Work to complete:
Pictures are to be left out. Return exactly the lines below from the one with "Sanju Samson, Jos" up to and including the one with "凤凰网科技讯 11月14日,据深圳特区报".

*** Data shown Section Begins ***

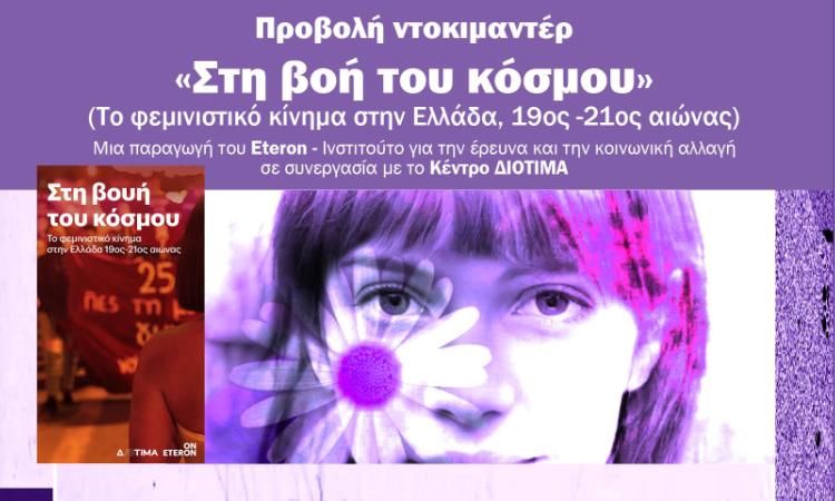 Στο ίδιο πλαίσιο δράσεων εντάσσεται και η προβολή του ντοκιμαντέρ «Στη βουή του κόσμου», που θα πραγματοποιηθεί την Τετάρτη 11 Μαρτίου στις 19:00 στο καφενείο Πασπαρτού (28ης Οκτωβρίου 231 με Βλαχάβα, στον Βόλο). Το ντοκιμαντέρ αποτελεί συμπαραγωγή του Eteron – Ινστιτούτου για την Έρευνα και την Κοινωνική Αλλαγή και του Κέντρου Διοτίμα και εστιάζει στην ιστορία του φεμινιστικού κινήματος στην Ελλάδα.
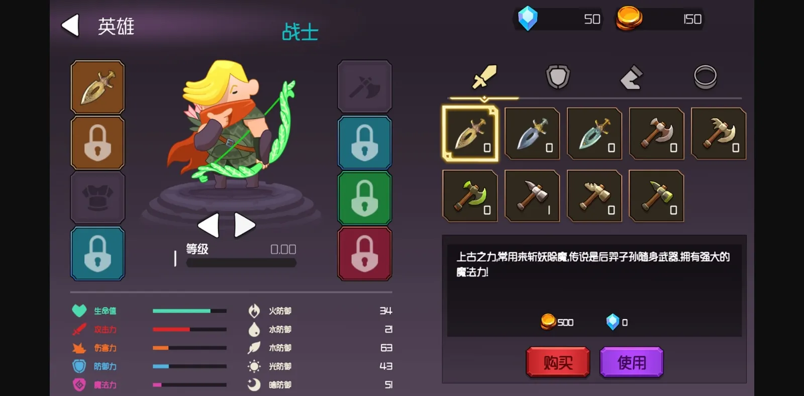 3. Equipment System — You can buy a lot of equipment to enhance your character.
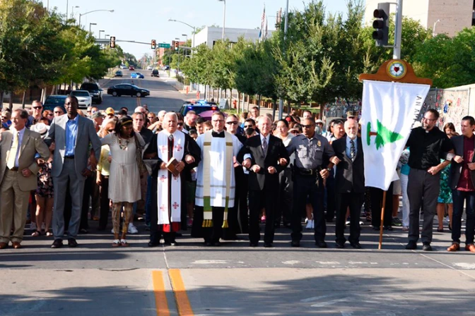 Después de estas palabras la multitud caminó a través de la ciudad, algunos de rezando el rosario, otros entonando himnos o simplemente orando. La marcha terminó en la Primera Iglesia Metodista Unida de Oklahoma, donde se realizó una oración ecuménica.
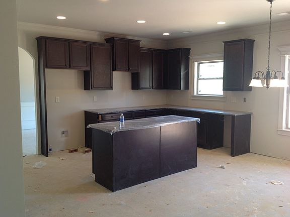 The Kaylee – this home will sit on cul de sac lot and will have easy access to our amenities. Full front porch with metal roof opens onto two story foyer, formal living room, huge formal dining room and beautifully appointed kitchen that overlooks breakfast and family room. Kitchen comes complete with stained cabinetry, granite counter, travertine backsplash and double oven stainless steel appliance package including refrigerator. Upstairs, features large master and four secondary bedrooms, one with private bath. Covered porch overlooking backyard. This home will be ready for summer of 2015.
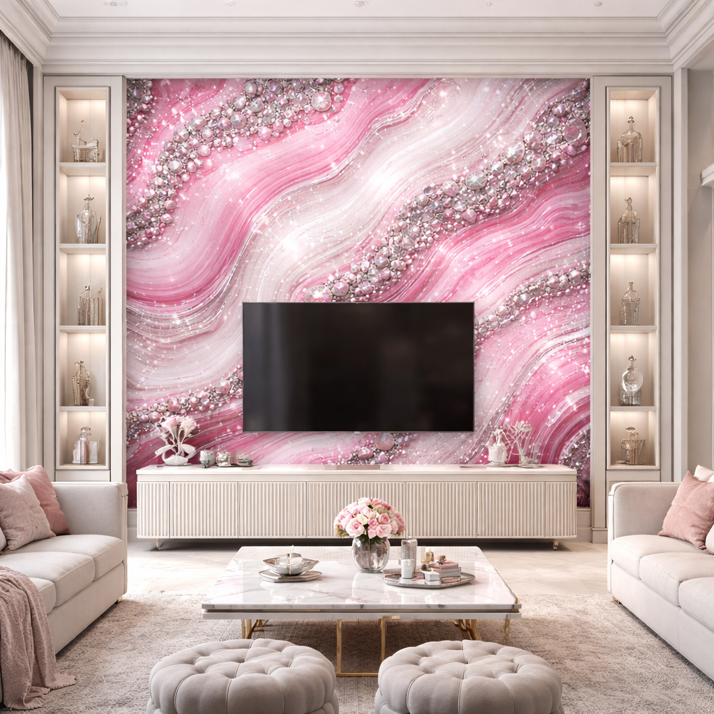Soft blush tones flow through elegant marble waves, finished with shimmering crystal accents that catch the light beautifully. This luxury design transforms walls into statement features, bringing glamour, depth, and refined elegance into any space.
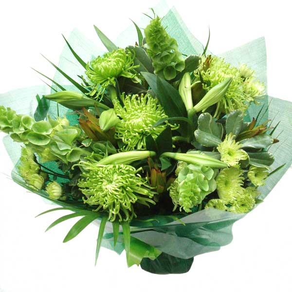 For a closer look at this gorgeous vibrant green hand tied fresh flower bouquet simply roll the mouse over the image.
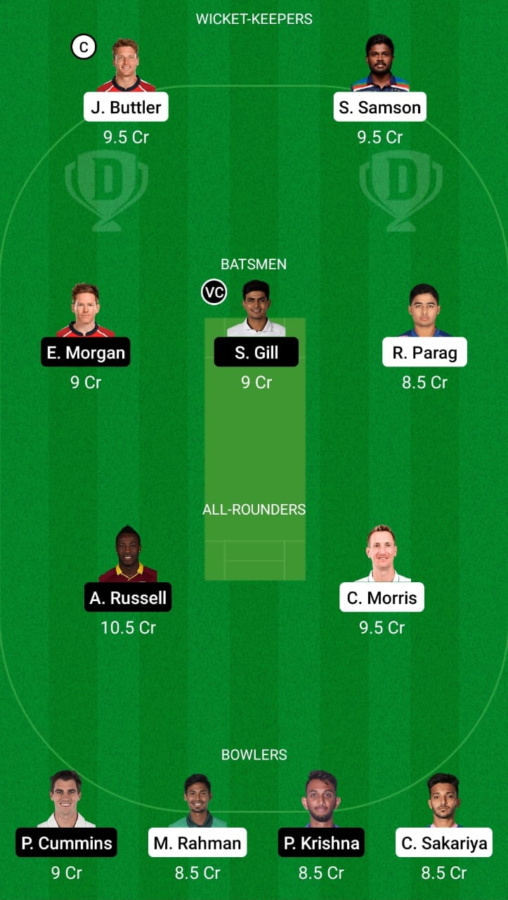 Sanju Samson, Jos Buttler (c), Riyan Parag, Shubman Gill (vc), Eoin Morgan, Andre Russell, Chris Morris, Pat Cummins, Chetan Sakariya, Prasidh Krishna, and Mustafizur Rahman
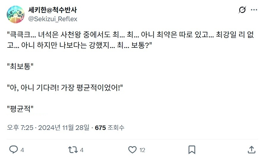 | - せきはん@脊髄反射, 2024년 11월 28일 게재 - 출처: https://x.com/Sekizui_Reflex/status/1862080419031904717 |
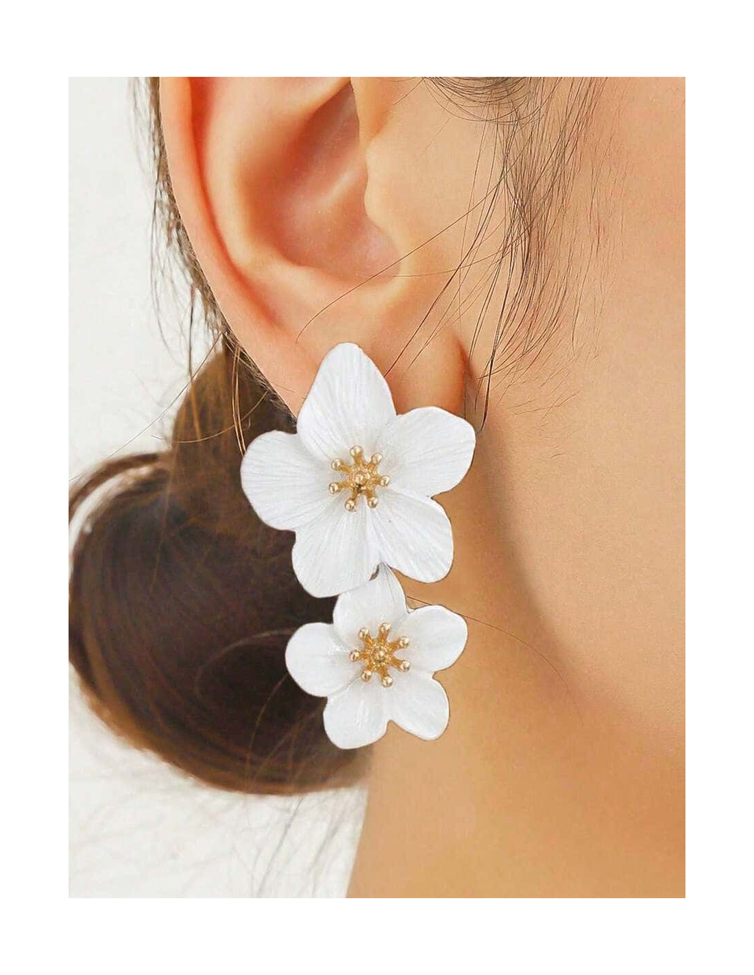 Los pendientes colgantes de flor en tonos como el violeta, blanco y verde se pueden combinar de manera versátil para diferentes ocasiones.
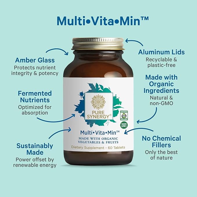 PURE SYNERGY Multi·Vita·Min | Vegan Multivitamin Made with Organic Whole Foods | Twice Daily Supplement for Men and Women | Core Nutrients for Energy, Mood, Immune, and Bone Health (60 Tablets)
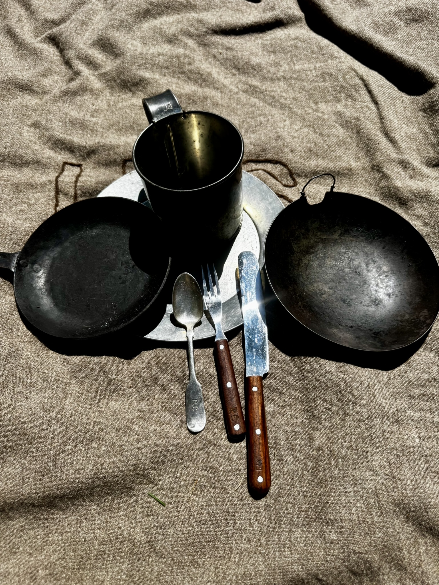 Preferred: Period accurate tin cup, a tin plate, and knife, fork, and spoon.
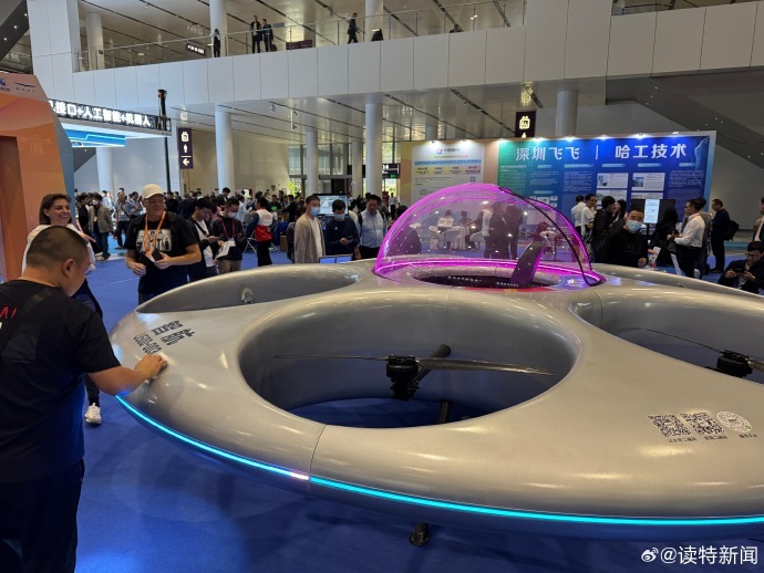 凤凰网科技讯 11月14日,据深圳特区报消息,全球首款载人飞碟亮相本届高交会8号馆。据了解,这个飞碟是大型无人驾驶eVTOL航空器,为文旅体验场景提供专属服务。这款航空器外形酷似UFO,并配备了一体式玻璃座舱罩,确保了360度无死角的观景视野,允许旅客尽情欣赏大自然之美以及满天星辰。
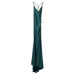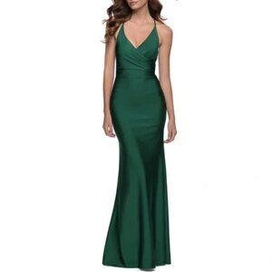 La Femme 29848 Faux Wrap Strappy Criss Cross Open Back Gown in Emerald Sz. 0
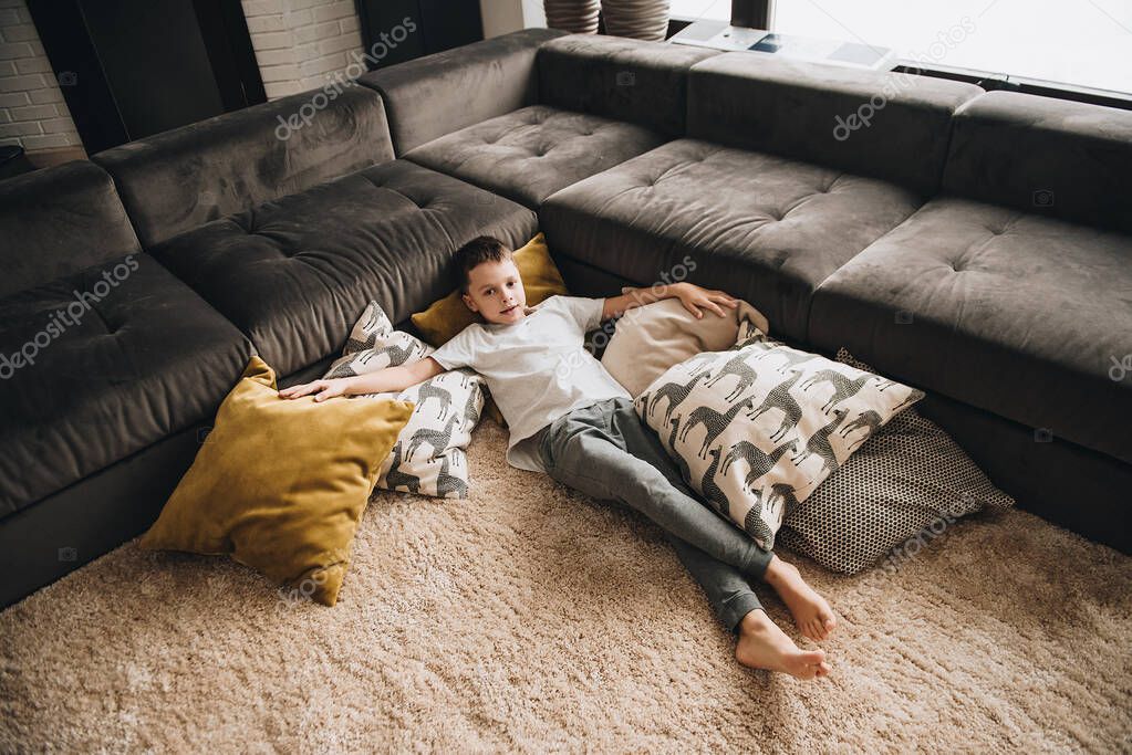 - Семья в большом доме. Уют домашнего уюта. Дети дома. Дети играют на полу. Текстиль. Мальчик-подросток лежит на полу на подушках. Коричневый диван, желтые подушки .
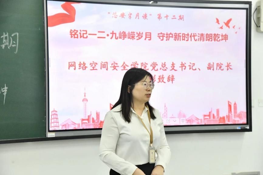 网络空间安全学院思政教研室主任范凯轩通过讲述与历史影像,将师生带回了1935年华北危急、山河破碎的历史。一二·九运动不仅是青年学子对民族存亡的挺身而出,更是中国青年用热血书写对国家命运赤诚担当的壮丽篇章。一二·九精神跨越九十年依然在新时代的网安学子心间熠熠生辉,爱国从救亡图存的奔走呼号,转化为捍卫网络空间安全、筑牢数字疆域防线的专业使命。
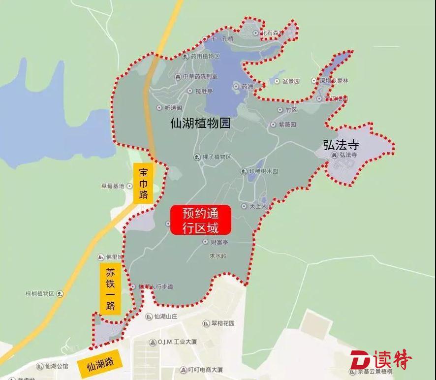 仙湖路(蓮十路東段)及仙湖植物園,含仙湖植物園正門立體停車樓,仙湖植物園內(nèi)弘法寺停車場(chǎng)。

*** Data shown Section Ends ***

Written response:
 Sanju Samson, Jos Buttler (c), Riyan Parag, Shubman Gill (vc), Eoin Morgan, Andre Russell, Chris Morris, Pat Cummins, Chetan Sakariya, Prasidh Krishna, and Mustafizur Rahman
 | - せきはん@脊髄反射, 2024년 11월 28일 게재 - 출처: https://x.com/Sekizui_Reflex/status/1862080419031904717 |
 Los pendientes colgantes de flor en tonos como el violeta, blanco y verde se pueden combinar de manera versátil para diferentes ocasiones.
 PURE SYNERGY Multi·Vita·Min | Vegan Multivitamin Made with Organic Whole Foods | Twice Daily Supplement for Men and Women | Core Nutrients for Energy, Mood, Immune, and Bone Health (60 Tablets)
 Preferred: Period accurate tin cup, a tin plate, and knife, fork, and spoon.
 凤凰网科技讯 11月14日,据深圳特区报消息,全球首款载人飞碟亮相本届高交会8号馆。据了解,这个飞碟是大型无人驾驶eVTOL航空器,为文旅体验场景提供专属服务。这款航空器外形酷似UFO,并配备了一体式玻璃座舱罩,确保了360度无死角的观景视野,允许旅客尽情欣赏大自然之美以及满天星辰。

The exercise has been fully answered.